The social determinants of health (SDoH) are fundamental factors that contribute to overall health and health-related outcomes. Children living in lower socioeconomic areas have a higher risk of critical illness and worse outcomes compared to children living in more socioeconomically advantaged areas. In this work, we determine whether the Child Opportunity Index (COI 3.0), a multi-dimensional child-specific indicator of neighborhood environment, is associated with in-hospital mortality or persistence of a Phoenix Sepsis Score  ≥  2 at one week following Phoenix Sepsis onset in children admitted to pediatric intensive care units (PICUs) with suspected infection. We performed a retrospective cohort analysis of 63,824 patients with suspected or confirmed infection admission diagnosis in two PICUs in Atlanta, Georgia with a Georgia residential address that could be geocoded and linked to a census tract. The primary outcome was the composite of in-hospital mortality or persistence of a Phoenix Sepsis Score  ≥  2 at one week following Phoenix Sepsis onset. Model performance measures of interest were the area under the receiver operating characteristic curve (AUROC) and the area under the precision-recall curve (AUPRC). Models developed with electronic medical record (EMR) data using Egleston (EG) or Scottish Rite (SR) as the training site achieved AUROCs of 0.81-0.84 (95% CI range: 0.8-0.85) and 0.82-0.82 (95% CI range: 0.81-0.83) and AUPRCs of 0.59-0.68 (95% CI range: 0.58-0.69) and 0.62-0.64 (95% CI range: 0.61-0.65) respectively. Despite significant differences in COI 3.0 characteristics and overall in-hospital mortality of children with Phoenix suspected infection between the EG and SR PICUs, the addition of COI 3.0 did not improve the overall model performance metrics. While children admitted to both PICUs were more often from COI 3.0 neighborhoods in the lowest two quintiles, these neighborhood features had less of an impact on the model's predictive performance compared to patient physiologic and biologic features available in the EMR.

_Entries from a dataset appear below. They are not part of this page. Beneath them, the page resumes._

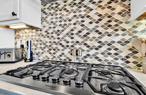 The gorgeous and spacious kitchen has everything you’ll need to make meals at home. The kitchen has updated cabinetry, stone counters, and sleek stainless-steel appliances. We have everything fully stocked with quality dishes, pots and pans and appliances. You’ll enjoy meals at the dining table, breakfast bar, or alfresco in the back yard!
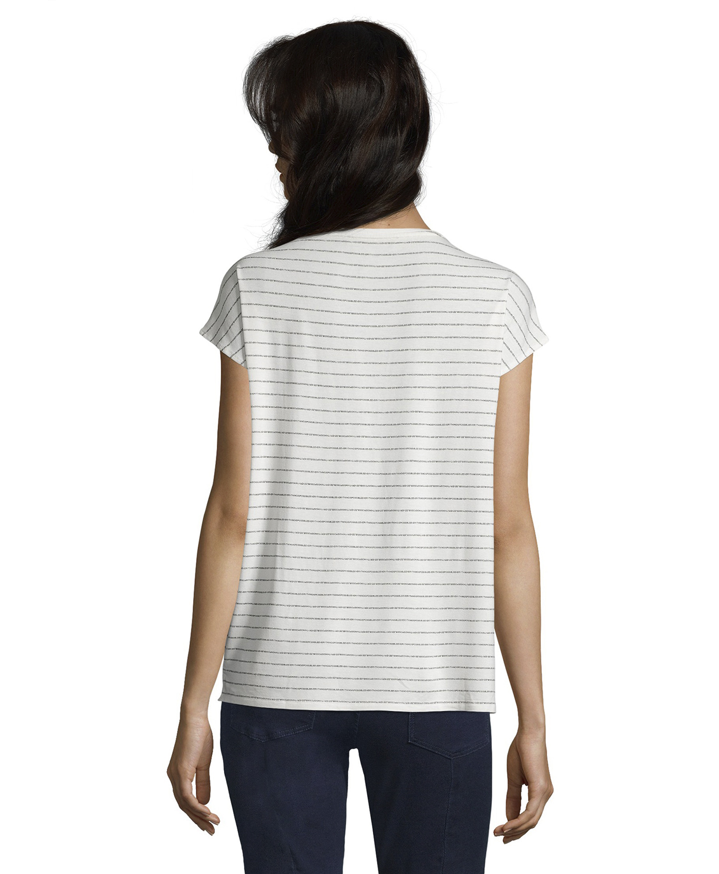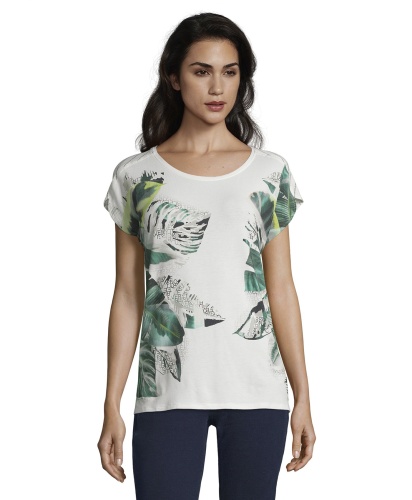 Футболка прямого покроя. Широкий круглый вырез горловины, короткие цельнокроеные рукава. Принт с надписью и трендовыми тропическими мотивами. Спинка изделия выполнена из материала с принтом в полоску. Приятный к телу материал из вискозной смеси. В сочетании как с брюками, так и с юбкой эта футболка создает стильный современный образ.
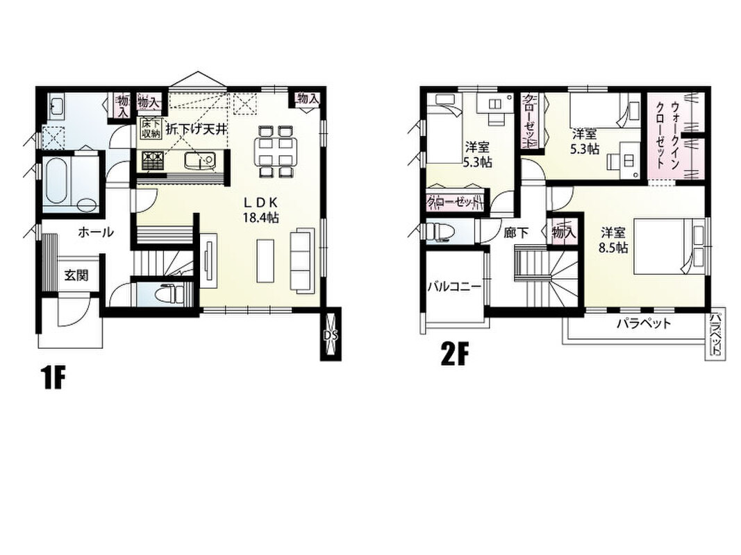 2号棟 間取り 【LDK18.4帖】 価格 3380万円 建物面積 104.13m2(31.49坪) 土地面積 212.34m2(64.23坪) -
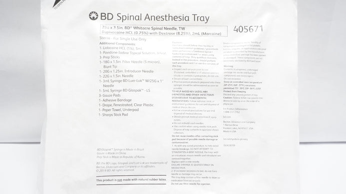 - BD 405671 Spinal Anesthesia Tray 25G x 3.5inch Spinal Ndle (x)
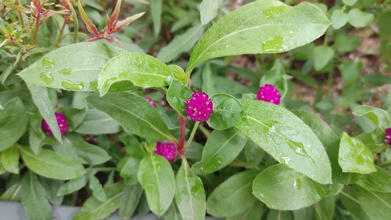진분홍 천일홍은 작은 꽃이 수십 개 모여서 피었다. 진분홍 꽃잎에 콕콕 박힌 작고 하얀 꽃술이 있다. 천일홍은 꽃잎이나 전초를 말려서 달여먹으면 기침, 백일해, 천식 등에 효과가 있다고 한다.

儿童机会指数与住院死亡率和持续器官功能障碍在凤凰脓毒症发作后一周在儿科重症监护病房怀疑感染的儿童的关联
健康的社会决定因素(SDoH)是促进整体健康和与健康有关的结果的基本因素。与生活在社会经济条件较好的地区的儿童相比,生活在社会经济条件较差地区的儿童患重病的风险更高,结果也更差。在这项工作中,我们确定儿童机会指数(COI 3.0),一个多维儿童特异性的邻里环境指标,是否与住院死亡率或凤凰脓毒症评分≥2的持续时间有关,凤凰脓毒症在怀疑感染的儿童入住儿科重症监护病房(picu)后一周发生。我们对佐治亚州亚特兰大市两个picu中63824例疑似或确诊感染的患者进行了回顾性队列分析,这些患者的居住地址可以进行地理编码并与人口普查区相关联。主要结局是住院死亡率或凤凰脓毒症评分≥2在凤凰脓毒症发病后一周的综合。感兴趣的模型性能测量是接收者工作特征曲线下的面积(AUROC)和精确召回率曲线下的面积(AUPRC)。使用Egleston (EG)或Scottish Rite (SR)作为训练场地的电子病历(EMR)数据开发的模型,auroc分别为0.81-0.84 (95% CI范围:0.8-0.85)和0.82-0.82 (95% CI范围:0.81-0.83),auprc分别为0.59-0.68 (95% CI范围:0.58-0.69)和0.62-0.64 (95% CI范围:0.61-0.65)。尽管COI 3.0特征和Phoenix疑似感染儿童的总体住院死亡率在EG和SR picu之间存在显著差异,但COI 3.0的加入并未改善整体模型性能指标。虽然入住picu的儿童更多地来自最低两个五分位数的COI 3.0社区,但与EMR中可用的患者生理和生物特征相比,这些社区特征对模型预测性能的影响较小。
本文章由计算机程序翻译,如有差异,请以英文原文为准。